Without trade, it is impossible for raw materials to reach the manufacturers either at home or abroad and for the finished goods to reach the final consumer because there will no one to arrange for their transfer. In simple words, home trade takes places within a country where as in foreign trade; goods are exported out of the country. Surely there are some complexities which a trader has to face in both the home trade and foreign trade.

Higher cost of transport and insurance owing to longer distances between markets

In home trade, goods are moved from one part of a country to another. Usually, it is not necessary to move the goods over large stretches of water, unless of course it is a nation made up many islands like Indonesia and Philippines. Sometimes, it may be necessary to use rivers. Thus, the usual mode is by road, rail, river or canals. Normally, the distance travelled is shorter than foreign trade. In foreign trade, goods travel a greater distance, sometimes overseas. This means higher transport as well as storage costs and insurance costs due to increased risks. The usual mode of transport for goods in foreign trade is by sea or air.

National Boundaries

Home trade takes place within a single political entity where there is uniformity in the banking, legal and fiscal systems. Foreign trade takes places when people from different political entities who do not share the same banking, legal and fiscal systems. Each nation would normally act in its own self-interest.

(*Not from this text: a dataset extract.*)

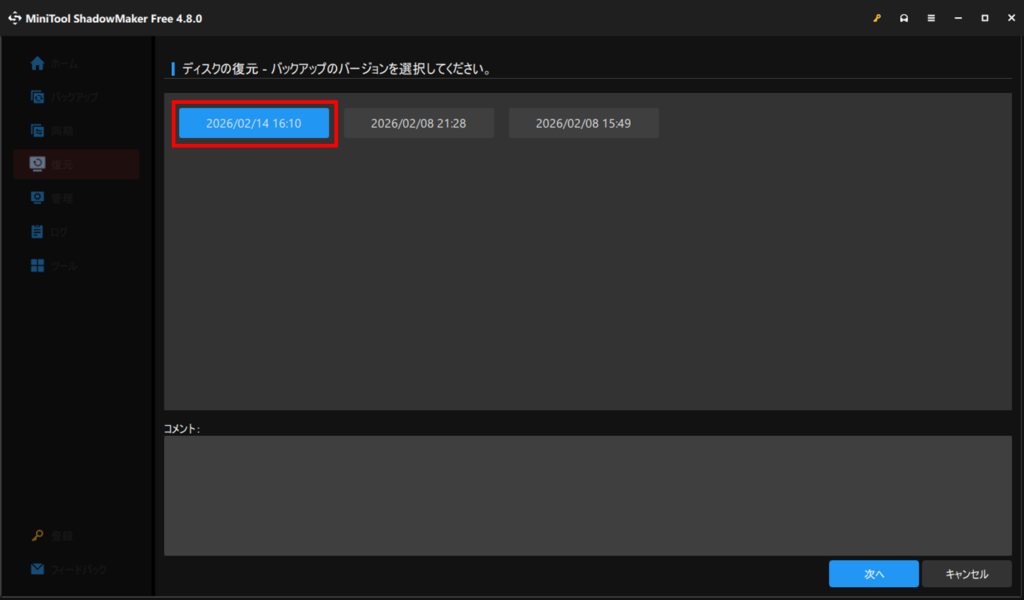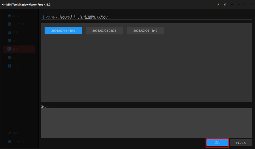 マウントするバックアップバージョンを聞いてくるので、参照したいデータを選択して次へを押します。例えば2/14時点のデータを見たい場合は、下図のように2/14を選択します。

Custom duties, quotas and more complex documentation

When goods move across safe boundaries within a country, they are not subject to customs duties or quotas. However, they may be subject to excise duties. When goods are moved across national boundaries as in foreign trade, they are liable to custom duties, quota restrictions and exchange control restrictions. Details of the exports and imports would have to be declared in the customs declaration forms. They will then have to be verified by means of documents such as consular invoice, certificate of origin, bill of lading, etc. the goods will also have to be packed and marked in accordance with the customs requirements of the importing countries concerned. Finally the goods will have to be cleared by the customs and arrangements will have to be made to store them in bonded warehouses. As a whole, these are not such very serious complexities if one has decided to trade.